* **Data excerpts**:
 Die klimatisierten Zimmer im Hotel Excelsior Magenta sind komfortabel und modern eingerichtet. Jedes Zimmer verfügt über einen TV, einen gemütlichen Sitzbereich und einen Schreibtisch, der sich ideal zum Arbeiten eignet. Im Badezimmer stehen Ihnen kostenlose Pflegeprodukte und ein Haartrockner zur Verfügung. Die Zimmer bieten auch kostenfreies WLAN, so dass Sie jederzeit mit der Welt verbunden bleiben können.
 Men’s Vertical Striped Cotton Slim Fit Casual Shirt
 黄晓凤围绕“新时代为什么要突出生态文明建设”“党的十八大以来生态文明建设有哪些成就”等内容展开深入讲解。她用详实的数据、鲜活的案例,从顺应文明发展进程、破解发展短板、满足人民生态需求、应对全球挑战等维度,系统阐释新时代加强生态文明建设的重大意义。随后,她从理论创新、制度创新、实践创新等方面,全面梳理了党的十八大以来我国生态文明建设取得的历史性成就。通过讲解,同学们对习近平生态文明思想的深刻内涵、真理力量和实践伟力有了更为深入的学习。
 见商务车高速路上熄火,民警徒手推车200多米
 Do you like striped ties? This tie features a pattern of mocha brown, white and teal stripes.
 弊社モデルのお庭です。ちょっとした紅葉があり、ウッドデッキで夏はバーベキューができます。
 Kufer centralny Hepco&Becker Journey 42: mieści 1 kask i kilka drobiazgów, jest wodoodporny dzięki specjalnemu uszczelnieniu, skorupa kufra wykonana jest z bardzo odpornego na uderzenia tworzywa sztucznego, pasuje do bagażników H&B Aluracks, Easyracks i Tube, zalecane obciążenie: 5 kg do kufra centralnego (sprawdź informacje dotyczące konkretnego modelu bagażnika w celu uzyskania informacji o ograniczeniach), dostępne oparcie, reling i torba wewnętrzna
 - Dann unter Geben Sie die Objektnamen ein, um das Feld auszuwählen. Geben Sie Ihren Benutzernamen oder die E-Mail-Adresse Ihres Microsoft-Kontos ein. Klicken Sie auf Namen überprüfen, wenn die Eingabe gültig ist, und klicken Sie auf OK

* **Exercise objective**:
The lines above starting at the one that contains "Do you like" and ending at the one that contains "Kufer centralny Hepco&Becker" must be transcribed exactly, and no other lines may appear.

* **Exercise answer**:
 Do you like striped ties? This tie features a pattern of mocha brown, white and teal stripes.
 弊社モデルのお庭です。ちょっとした紅葉があり、ウッドデッキで夏はバーベキューができます。
 Kufer centralny Hepco&Becker Journey 42: mieści 1 kask i kilka drobiazgów, jest wodoodporny dzięki specjalnemu uszczelnieniu, skorupa kufra wykonana jest z bardzo odpornego na uderzenia tworzywa sztucznego, pasuje do bagażników H&B Aluracks, Easyracks i Tube, zalecane obciążenie: 5 kg do kufra centralnego (sprawdź informacje dotyczące konkretnego modelu bagażnika w celu uzyskania informacji o ograniczeniach), dostępne oparcie, reling i torba wewnętrzna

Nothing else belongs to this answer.